Born and raised in Cave City, Ky., Adair graduated from Western Kentucky University with a B.S. in music education. She arrived in Nashville in 1961 and immediately had a major impact on the embryonic local jazz scene. In an email, trumpeter and longtime Nashville jazz mainstay George Tidwell remembers an early meeting with Adair after he relocated here from Memphis in the early 1960s and how it aided his career.

“I sought out Beegie as soon as I was settled, went to hear her playing a solo job in Printers Alley, played a few tunes with her, and was an immediate fan for life,” says Tidwell. “We couldn’t have guessed we’d also become close friends and musical companions over the next 60 years, and that she would go on to be a top-selling jazz recording artist, loved the world over.
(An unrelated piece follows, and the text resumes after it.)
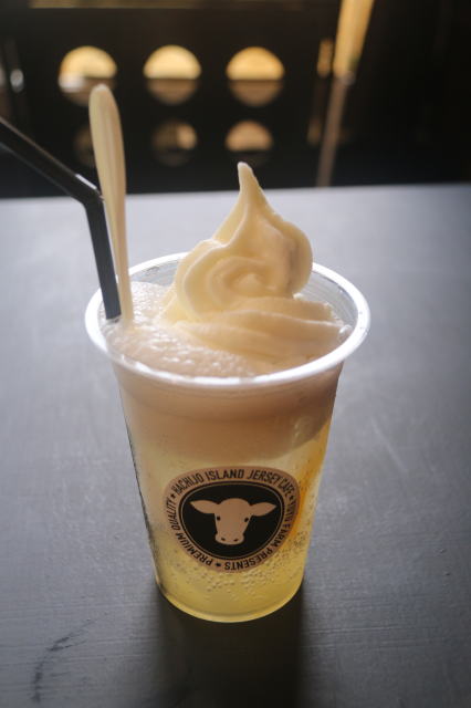 | ジャジー牛牧場の直営店?八丈島ジャジーカフェです。 島の特産品である島レモンを使ったレモンソーダに、もう一つの特産であるジャジー牛の濃いミルクから作ったフロート。 このフロートがめっちゃ濃い!そして美味い! でも、残念ながら持ち帰れないので、ここで味わって終わりです。 プリンやヨーグルトなどは通販もできるようです。 |

But as my good luck would have it, we did, and she did.”

Adair teamed up with saxophonist Denis Solee to form the Adair-Solee Quartet, which later became a sextet called the Be-Bop Co-Op. She frequently participated in jam sessions around town with the likes of Boots Randolph and Hank Garland. In addition, Adair played a central role in helping establish the Nashville Jazz Workshop in the late 1990s.
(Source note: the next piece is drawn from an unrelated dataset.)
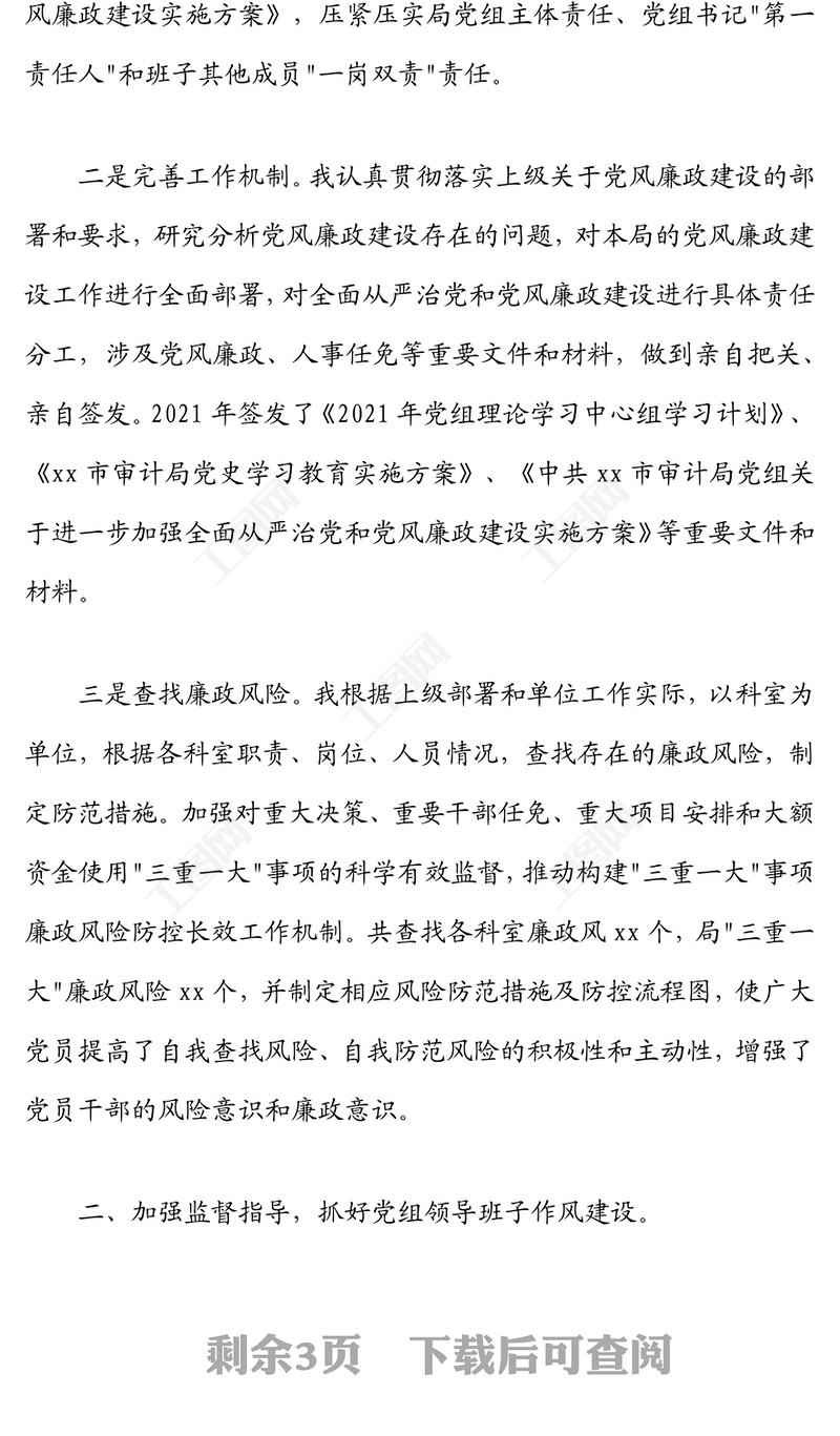 工圖網提供市審計局黨組??書記落實第一責任人責任情況報告供會員免費下載。更多精彩黨課PPT素材,盡在工圖網。

“She was our first board member,” Spencer recalls. “We used to go to Blackstone and sit down over drinks and try to figure out where we were going on different matters.”

Beegie Adair by Gregory Byerline

In the late ’80s, Adair hosted a music and talk show on NPR called Improvised Thoughts. Masterful pianist Marian McPartland appeared on the show, and even had Adair pinch-hit as host a couple of times on her own long-running, award-winning program Piano Jazz. The Music City jazz scene, though, was where Adair had her greatest impact. She and her late husband, fellow widely loved local musician and educator Billy Adair, were both heavily involved in training future jazz musicians.
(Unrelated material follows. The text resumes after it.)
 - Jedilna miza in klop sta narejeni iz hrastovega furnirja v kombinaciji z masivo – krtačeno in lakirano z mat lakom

“She was a mentor to so many of the young jazz musicians who came through the workshop — Annie Sellick, Christina Watson, Rahsaan and Roland Barber, Liz Johnson, Marcus Finnie among many others,” Mechem adds, reeling off the names of some of the Nashville jazz scene’s key players. “She cared so much about the workshop’s mission, about ensuring that the next generations of jazz musicians would learn and be encouraged.”

It’s Adair’s warmth — a love of people and a love of music that fed off each other — that’s remembered most. Tidwell recalls visiting Adair on her birthday in December, a small gathering that naturally led to an impromptu performance.

“Beeg was in great spirits, but it was late and she was a little tired, having just toasted the arrival of her 84th year,” he says. “But when Chris Brown counted a tune, and Beeg’s now slightly older fingers landed on the keys, I felt the same thrill I had felt that night in 1962. What a legacy she leaves us: tears and laughter, terrible puns and serious discussions — and oh, the music.”

A celebration of Adair’s life will be held on a date TBA. In the meantime, you can make a memorial tribute to the Nashville Jazz Workshop, Vanderbilt University’s Billy Adair Scholarship Fund, the Williamson County Animal Center or the St. Joseph’s Indian School.